Records drawn from a dataset:
[Start of section]

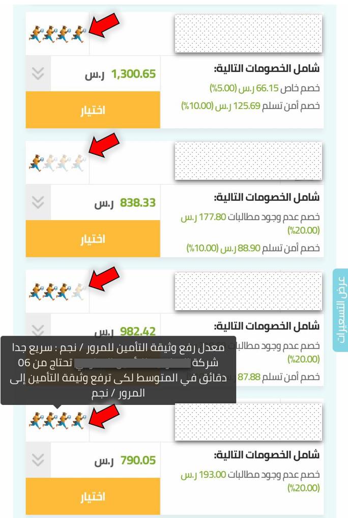 اما في الحالات المستعجلة للتأمين كنقل ملكية السيارة أو إصدار إستمارة، فمن المهم النظر في سرعة ربط شركة التأمين للوثيقه مع المرور/نجم.
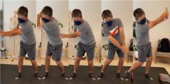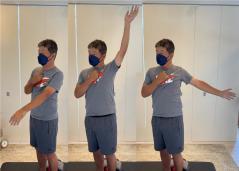 山本 まずはさっきやったように、手を頭の上まで上げる動きです。片手ずつでいいので、しっかりと鎖骨の付け根から上げる意識でやってください。もう一つは、腕をぐるぐると後ろに回す動きです。もちろんこれも鎖骨の付け根から動いてくださいね。
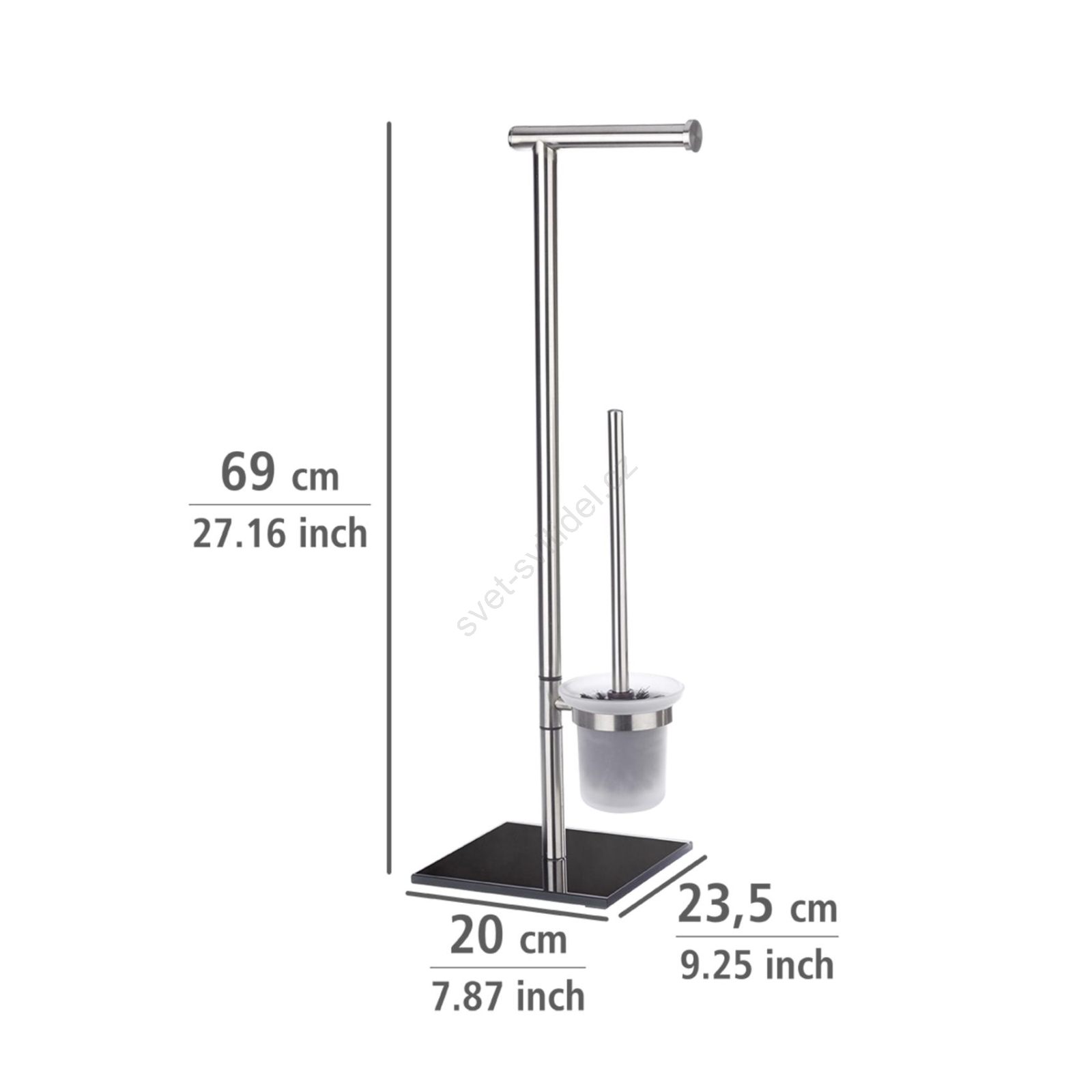 • Kombinace stojanu na toaletní papír a WC štětky v jednom.
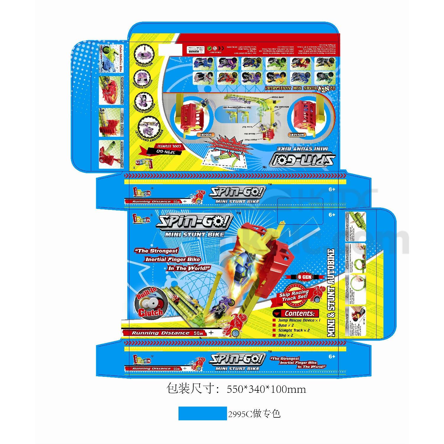 Spin-Go is friction bike without battery. Its running distance can reach 70 Meters! It has four stunt plays: surmount obstacle, acrobatic running, inverted rotation and helicopter on pen.
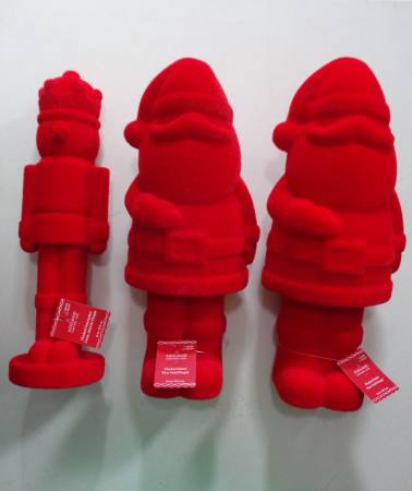 No shipping. Pick up in Irondequoit. New. Green Santa 23in tall. $10 2 Red Santa's 16in tall. $5 each Nutcracker 16in tall. $5
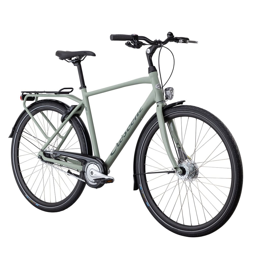Om du vill ha en cykel som bara går och går, då är Tarfek ett bra val. Den har en lätt, stark och rostfri aluminiumram och matchande utrustning. Växlar och bromsar är helt inkapslade, och lika väl skyddade från fysisk påverkan som från regn och smuts. De 7 växlarna ger dig ett brett register med kraft för såväl branta uppförslut som för långa, sköna utförslöpor och raksträckor med vinden i ryggen. Bak sitter en traditionell fotbroms och framhjulet bromsas med en effektiv rullbroms. Tarfek har skärmar, kedjeskydd, stöd, godkänt lås, batteri belysning och en rejäl integrerad pakethållare med klicksystemet AVS så att väskor och korg enkelt kan tas av och på. Sittställningen är upprätt. Styret är lätt vinklat för bästa ergonomi och i ändarna sitter sköna handtag monterade. Styrstammen är justerbar och du kan enkelt ställa in en något mer framåtlutad position om du trivs bättre med det. En lagom bred sadel speciellt utformad för män gör det lilla extra för komforten. Bekväm, kompetent och pålitlig, vad mer kan man önska sig?
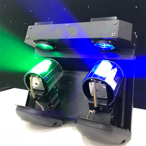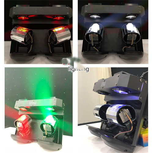 Đèn xoay karaoke được trang bị 2 lốc gương, 2 cửa có thể xoay linh hoạt chiều ngang và chiều dọc giúp tạo hàng triệu tia trong không gian sân khấu. Đèn sử dụng 2 bóng LED, mỗi bóng có công suất 10W Full Color 4 in 1.
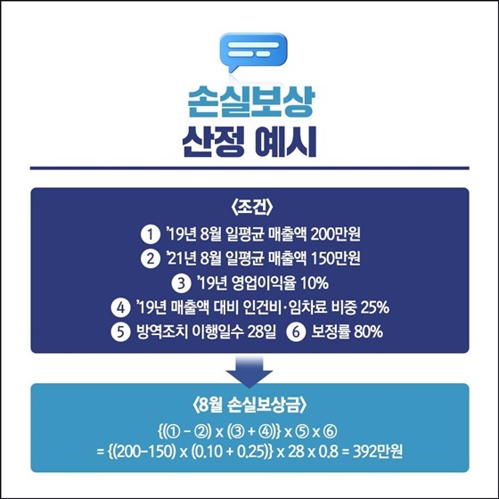 일평균 손실액 X 방역조치 이행일수 X 보정률 * 일평균 손실액 : ’19년 대비 ’21년 동월 일평균 매출감소액 X (’19년 영업이익률 + ’19년 매출액 대비 인건비·임차료 비중)
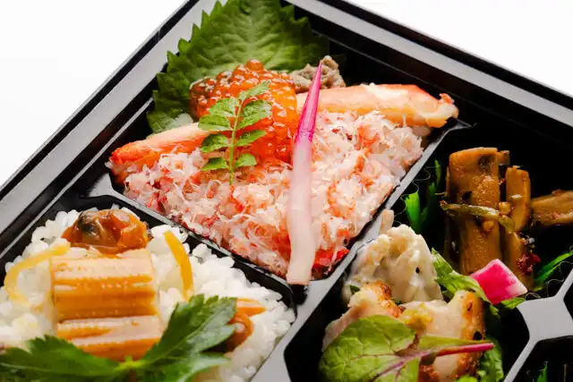 【ご飯部分】蟹めし80g(蟹棒、蟹フレーク、いくら、蟹味噌)、アサリめし80g(あなご、生姜等)【副菜1】黒毛和牛すき焼き、松茸出汁煮、卵黄ソース、トリュフ【副菜2】穴子南蛮漬け、スナップエンドウ、蓮根【おかず】季節の惣菜4種、鶏の柚子胡椒焼き、お新香
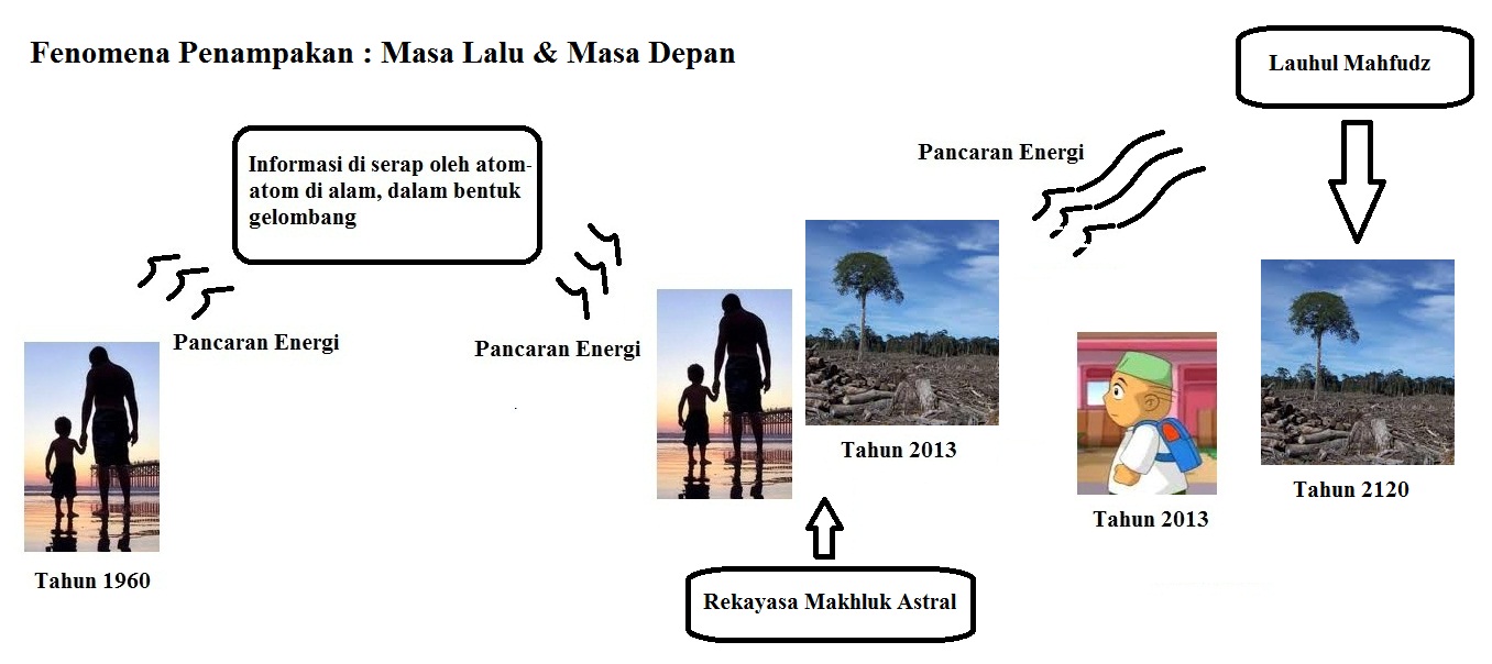 Skema Penampakan yang berasal dari masa lalu maupun masa mendatang, kira-kira seperti ini :
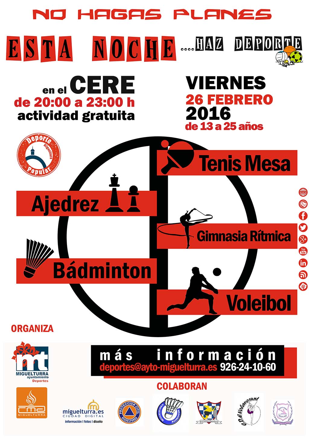 El viernes 26 de febrero entre las 20:00 y las 23:00 horas se volverá a desarrollar en el CERE una nueva edición del programa "No hagas planes, esta noche… haz deporte", organizado por la Concejalía de Deportes del Ayuntamiento de Miguelturra, en colaboración con Protección Civil, Club de Bádminton de Miguelturra, Club Deportivo Volaverunt, Club de Tenis de Miguelturra, ADV Miguelturra y el portal web municipal www.miguelturra.es, y dentro del programa "Deporte Popular".

[End of section]

Work to complete =>
Look above for the line with "山本 まずはさっきやったよう" and the line with "No shipping. Pick". Give again exactly those two lines and all lines between them, pictures excluded.

Solution to this exercise =>
 山本 まずはさっきやったように、手を頭の上まで上げる動きです。片手ずつでいいので、しっかりと鎖骨の付け根から上げる意識でやってください。もう一つは、腕をぐるぐると後ろに回す動きです。もちろんこれも鎖骨の付け根から動いてくださいね。
 • Kombinace stojanu na toaletní papír a WC štětky v jednom.
 Spin-Go is friction bike without battery. Its running distance can reach 70 Meters! It has four stunt plays: surmount obstacle, acrobatic running, inverted rotation and helicopter on pen.
 No shipping. Pick up in Irondequoit. New. Green Santa 23in tall. $10 2 Red Santa's 16in tall. $5 each Nutcracker 16in tall. $5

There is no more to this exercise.